Student's Play Tells a Vietnamese Folktale in the Dark
By Rebecca GoldfineAs people filed into the Wish Theater to watch Oceana Hangret’s capstone theater project, they were each handed a sleeping mask. After they had settled into their seats and adjusted their masks, the theater was darkened, preparing them for a live audio performance.

For two nights, on April 11 and 12, a cast of ten students and one professor—Hangret’s advisor, Professor of Theater Davis Robinson—performed a play Hangret had written based on a Vietnamese folktale her mother used to tell her and her sister.
“According to her, if my sisters and I ate in the dark, we would attract demons that steal children,” said Hangret. “In her own weird way, she was trying to prevent us from making a mess, but as a child, the logic behind that story made sense.”
In Hangret’s version of the myth, however, the multiple demons become one woman, which is the name of the play: “The Woman.” And then she gave the woman a back story.
The woman was not born a demon.

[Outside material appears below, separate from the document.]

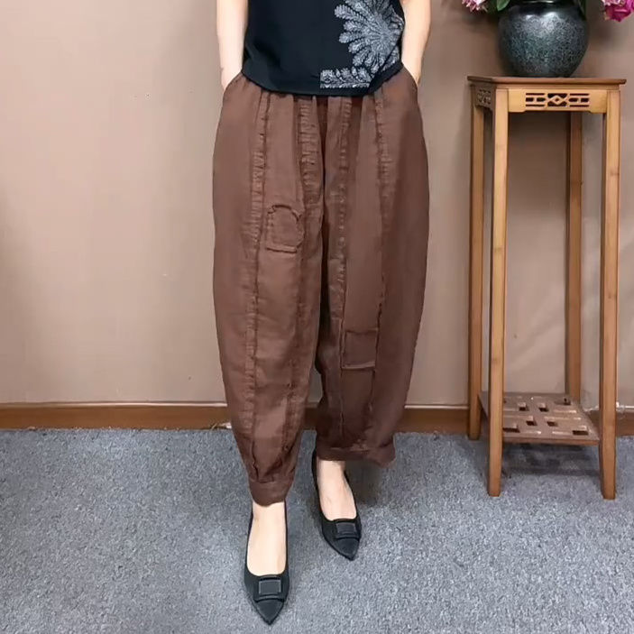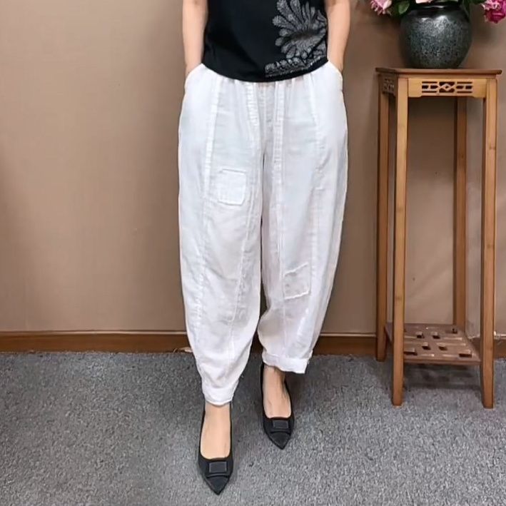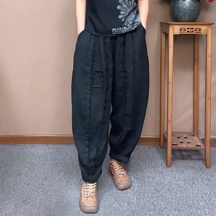 毛边设计复古棉纱宽松哈伦裤女春夏季松紧高腰显瘦百搭休闲长裤子

She came from nobility but fell in love with a farmer, with whom she had a secret daughter. Prevented from marrying him, she is instead married off to an emperor. They fail to conceive a prince—a necessity for continuing the royal bloodline—and the emperor fears he will be replaced by his brother. When the emperor learns about her child, he plans to murder it to protect the secret of his own infertility.
And then, in a fit of rage, he stabs his wife's eye, blinding her. As she dies, she curses him, swearing to steal every child in the empire. Yet she can only snatch children when she can smell the food they’re snacking on in the dark.

The play swings between past and present. In today’s time, it follows an eleven-year-old girl named Kelley Margot who gets separated from her peers on a camping trip. When she seeks refuge from the rain in a cave, she finds an anxious boy named Tal Tal. They break down and eat a snack together in the dark.
The next morningl, Kelley Margot wakes up in the cave and finds that Tal Tal has vanished. Later that night, after she's been rescued, Kelley Margot watches the news and learns of skeletal remains found in the cave—the remains of Tal Tal, who went missing two years ago after his father put him to bed. Unbeknownst to his father, Tal Tal had a snack of shrimp crackers in bed.
Hangret said she was inspired to write the script after studying at the Eugene O’Neill National Theater Institute in Connecticut last semester. As a student there, she was assigned to write narrative based on a story, tradition, or culture she grew up with. For this, she turned to the “countless narratives of Vietnam in the context of war” that she had read, watched, and heard over her lifetime.
“As a Vietnamese American, I yearned to better understand my country, but a part of me could never separate the identity of war from Vietnam,” she said. “So, with the help of my friends and the theater department, I turned the innocent superstition my mother told me at an impressionable age into a play that explores grief and solitude through a different lens.”
She added, “I grew up hearing those narratives and wanted to change them. I wanted to separate Western perspectives of Vietnam and war to a perception of Vietnam that wasn't tied to violence.”
Hangret wrote and directed the play, as well as created the soundscape. She also proposed staging it during admitted students week, to showcase “representation and diversity in ϳԹվ's theater department,” she said.
Robinson praised this decision. “What I love about working with Oceana is that she is so confident and capable, and makes decisions early on,” such as planning dates for the show. “She solves problems very confidently and knows what she wants.”
Robinson also said he was so inspired by the concept of putting on a play in the dark that he's going to do something similar next fall at the Provincetown Tennessee Williams Theater Festival.
Hangret said performing her play in the dark pushed the audience to rely on their sense of hearing and their imaginations, and though they couldn't see one another, they were pulled into a close experience. “In this digital age, we as people have become more disconnected than ever,” she said.
“When our sight is taken, our hearing and touch are enhanced,” she continued. “Not a lot of people listen and talk to each other and hear how interesting our stories are.”